Algunas creencias populares nos hablan de unos pájaros
negros de pecho blanco que vuelan sobre els gorgs (las
hoyas) y que en las cálidas noches de verano
se transforman en bellísimas mujeres de agua,
que se bañan a la luz de la luna y peinan sus
largos cabellos rubios con peines de oro. Pero aunque
se cuenta que los mirlos acuáticos, oscuros y
de pecho blanco, frecuentan los riachuelos de montaña,
nadie da fe de haber observado la transformación.
El mirlo acuático tiene algunas costumbres asociadas
al agua: camina por encima de los cauces y no es de
extrañar que esconda el nido tras la cortina
de una cascada. ¿Quizás fue esta la fuente
de la leyenda?
"El
heredero de una rica masía del Montseny contemplaba
las oscuras aguas de una poza cuando, de pronto, apareció
una mujer de agua.

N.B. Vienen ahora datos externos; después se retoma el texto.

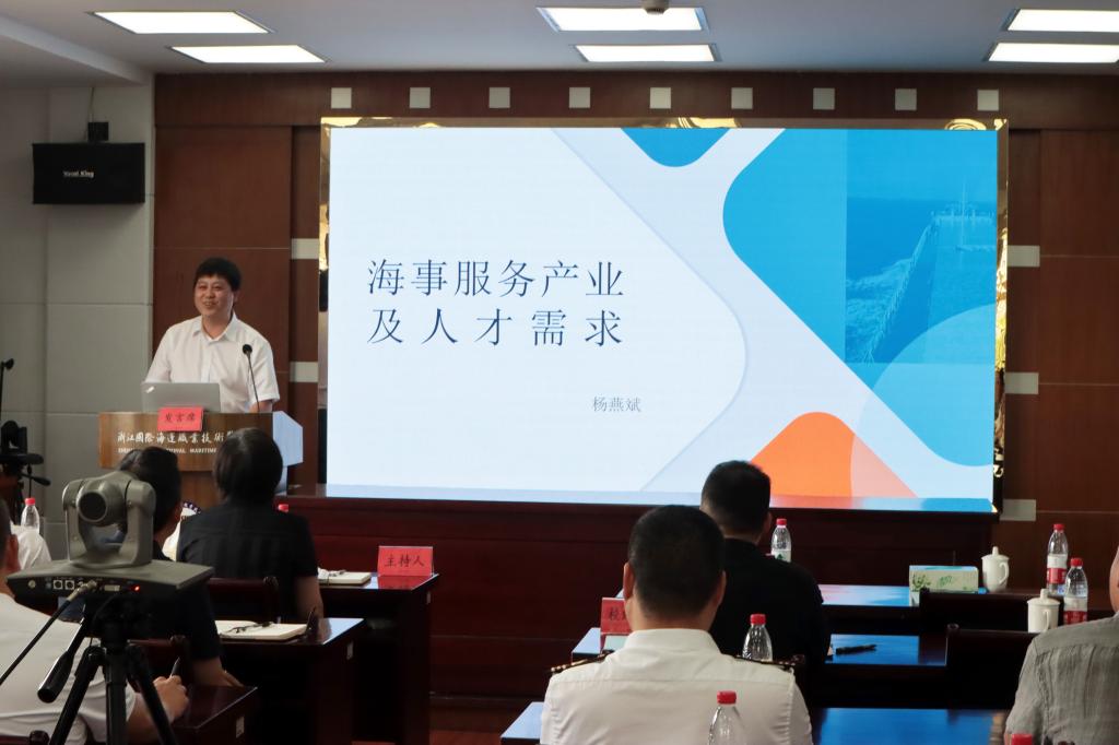 最后,浙江蔚海海洋科技有限公司董事长杨燕斌围绕舟山海事服务产业,提出了“海事服务生态圈”的概念,并对海事服务人才需求进行了深入分析。

Enseguida, los jóvenes se
enamoraron. La ninfa accedió a casarse con el
joven con la promesa de que nunca le recordara su condición
de mujer de agua. Tuvieron un hijo y una hija, la masía
prosperó y fueron felices. Una tarde, la tormenta
amenazaba con arruinar la cosecha, y la mujer ordenó
segar el trigo, aunque no estaba del todo maduro. Al
final la tormenta no sé formó y el marido,
al volver a casa y ver el desastre, exclamó con
ira: “¡mujer de agua tenías que ser!”
En el acto la mujer desapareció aunque todas
las mañanas los hijos aseguraban que la madre
los venía a peinar. El marido no volvió
a verla jamás.
Esta es la leyenda que estructura el audiovisual “leyendas
del Montseny” que se puede ver en el Museo Etnológico
del Montseny, La Gabella, en Arbúcies.